Items listed in a dataset
- - - -

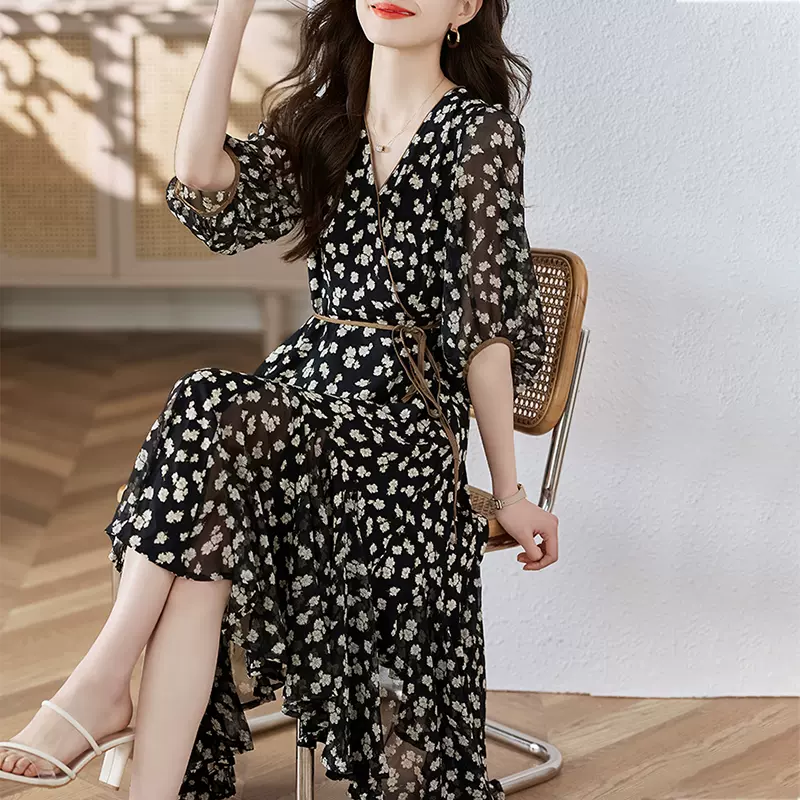 碎花雪纺连衣裙子女士装夏季2023年新款收腰七分袖妈妈气质中长裙
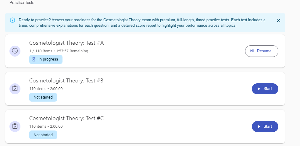 Confidently prepare for your Esthetician Theory exam with practice questions, explanations, progress tracking, and more! Brought to you by the experts from PSI.
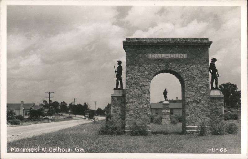 Monument with soldier statues on either side of an arch and a third soldier statue visible through the arch. A road is visible in the foreground.
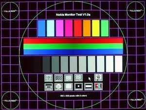 В процессе пока еще не долгой эксплуатации проектор подключался к настольным компьютерам и ноутбукам различных моделей. Никаких проблем с совместимостью не выявлено. Проектор с точки зрения компьютера является Plug-and-play монитором, поэтому иногда появляется соответствующее сообщение. В ответ на него можно подсунуть CD-ROM с inf-файлом, где описаны рабочие разрешения, а можно и проигнорировать. Тестирование качества изображения проводилось на компьютере под управлением Windows XP Professional программой Nokia Monitor Test при подключении к видеокарте SUMA Platinum Geforce2 MX 400 комплектным кабелем. Проектор достаточно хорошо интерполирует разрешения большие или меньшие, чем родные 800 на 600, но, разумеется, рекомендуется перевести видеоадаптер в это разрешение, особенно если не используется коррекция трапецеидальных искажений — только в этом случае качество будет максимальным. Итак, установлено разрешение 800 на 600 (16 млн. цветов) и запущен Monitor Nokia Test:
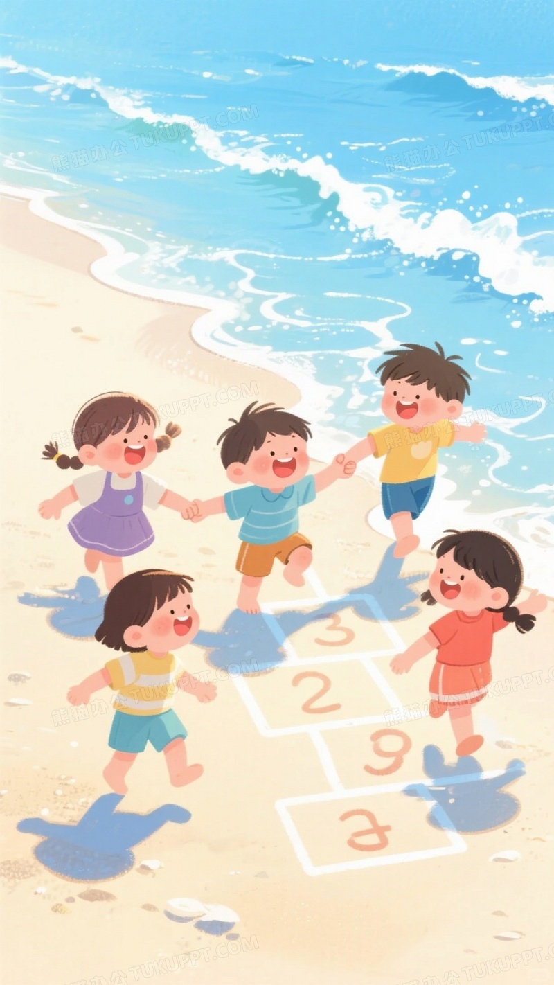 本作品内容为清新卡通插画5个小朋友手牵手在蓝色海边沙滩上玩跳房子游戏, 格式为 jpg, 大小1 MB, 图片尺寸为936 x 1664, 源文件无水印, 欢迎使用熊猫办公。 如认为平台内容涉嫌侵权,可通过邮件:tousu@tukuppt.com提出书面通知,我们将及时处理。
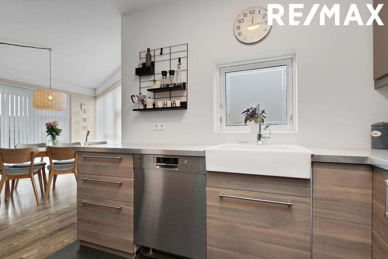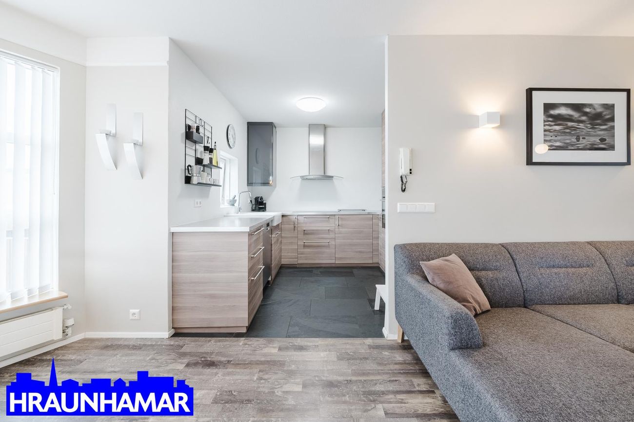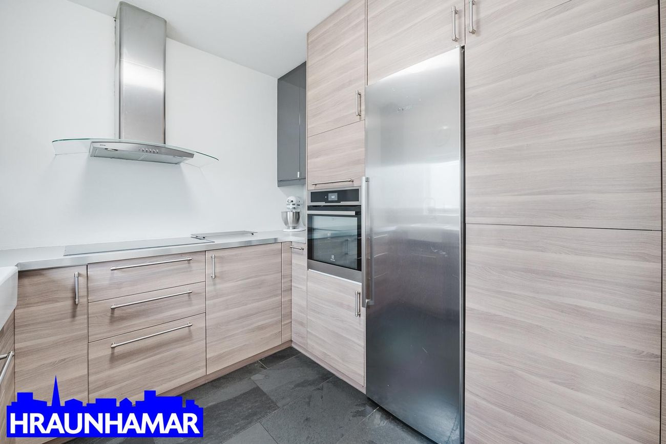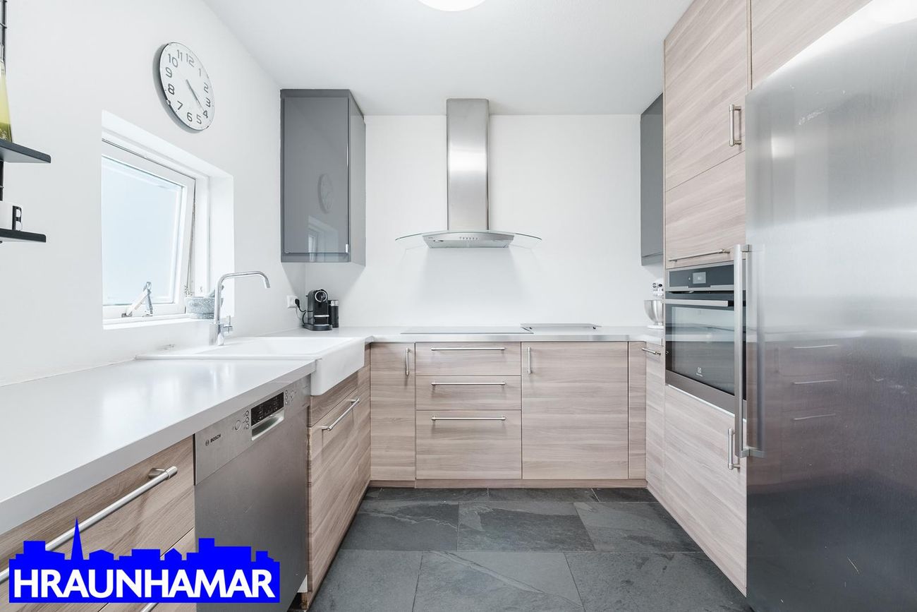 Eldhús er fallegt og opið, með góðu vinnu- og skápaplássi, innrétting og tæki voru endurnýjuð fyrir nokkrum árum.
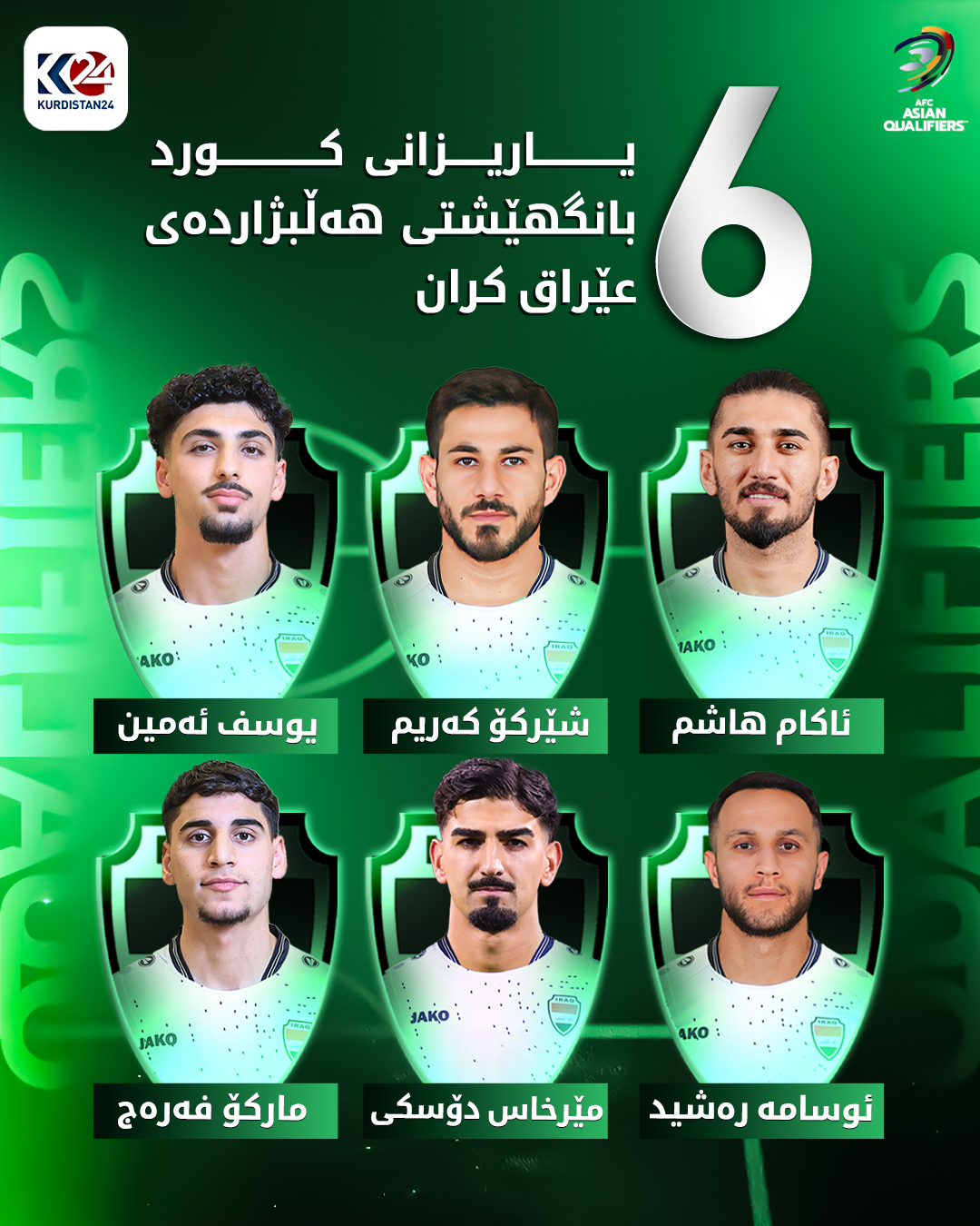 لیستی یاریزانانی هەڵبژاردەی عێراق بۆ پاڵاوتنەكانی مۆندیال راگەیاندرا و شەش یاریزانی كورد بانگهێشتكراون لە نێویاندا سەرلەنوێ بانگهێشتی شێركۆ كەریم و ئاكام هاشم كرانەوە.
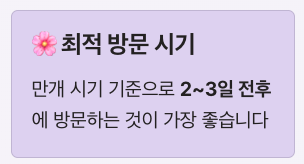 벚꽃은 개화 후 약 일주일 정도만 가장 아름다운 모습을 유지합니다. 강한 비나 바람이 불면 꽃이 빨리 떨어질 수 있기 때문에 만개 시기 기준으로 2~3일 전후에 방문하는 것이 가장 좋습니다.

- - - -

TASK DESCRIPTION:
Repeat all of the entries word for word, but omit the pictures.

EXERCISE RESPONSE:
 碎花雪纺连衣裙子女士装夏季2023年新款收腰七分袖妈妈气质中长裙
 Confidently prepare for your Esthetician Theory exam with practice questions, explanations, progress tracking, and more! Brought to you by the experts from PSI.
 Monument with soldier statues on either side of an arch and a third soldier statue visible through the arch. A road is visible in the foreground.
 В процессе пока еще не долгой эксплуатации проектор подключался к настольным компьютерам и ноутбукам различных моделей. Никаких проблем с совместимостью не выявлено. Проектор с точки зрения компьютера является Plug-and-play монитором, поэтому иногда появляется соответствующее сообщение. В ответ на него можно подсунуть CD-ROM с inf-файлом, где описаны рабочие разрешения, а можно и проигнорировать. Тестирование качества изображения проводилось на компьютере под управлением Windows XP Professional программой Nokia Monitor Test при подключении к видеокарте SUMA Platinum Geforce2 MX 400 комплектным кабелем. Проектор достаточно хорошо интерполирует разрешения большие или меньшие, чем родные 800 на 600, но, разумеется, рекомендуется перевести видеоадаптер в это разрешение, особенно если не используется коррекция трапецеидальных искажений — только в этом случае качество будет максимальным. Итак, установлено разрешение 800 на 600 (16 млн. цветов) и запущен Monitor Nokia Test:
 本作品内容为清新卡通插画5个小朋友手牵手在蓝色海边沙滩上玩跳房子游戏, 格式为 jpg, 大小1 MB, 图片尺寸为936 x 1664, 源文件无水印, 欢迎使用熊猫办公。 如认为平台内容涉嫌侵权,可通过邮件:tousu@tukuppt.com提出书面通知,我们将及时处理。
 Eldhús er fallegt og opið, með góðu vinnu- og skápaplássi, innrétting og tæki voru endurnýjuð fyrir nokkrum árum.
 لیستی یاریزانانی هەڵبژاردەی عێراق بۆ پاڵاوتنەكانی مۆندیال راگەیاندرا و شەش یاریزانی كورد بانگهێشتكراون لە نێویاندا سەرلەنوێ بانگهێشتی شێركۆ كەریم و ئاكام هاشم كرانەوە.
 벚꽃은 개화 후 약 일주일 정도만 가장 아름다운 모습을 유지합니다. 강한 비나 바람이 불면 꽃이 빨리 떨어질 수 있기 때문에 만개 시기 기준으로 2~3일 전후에 방문하는 것이 가장 좋습니다.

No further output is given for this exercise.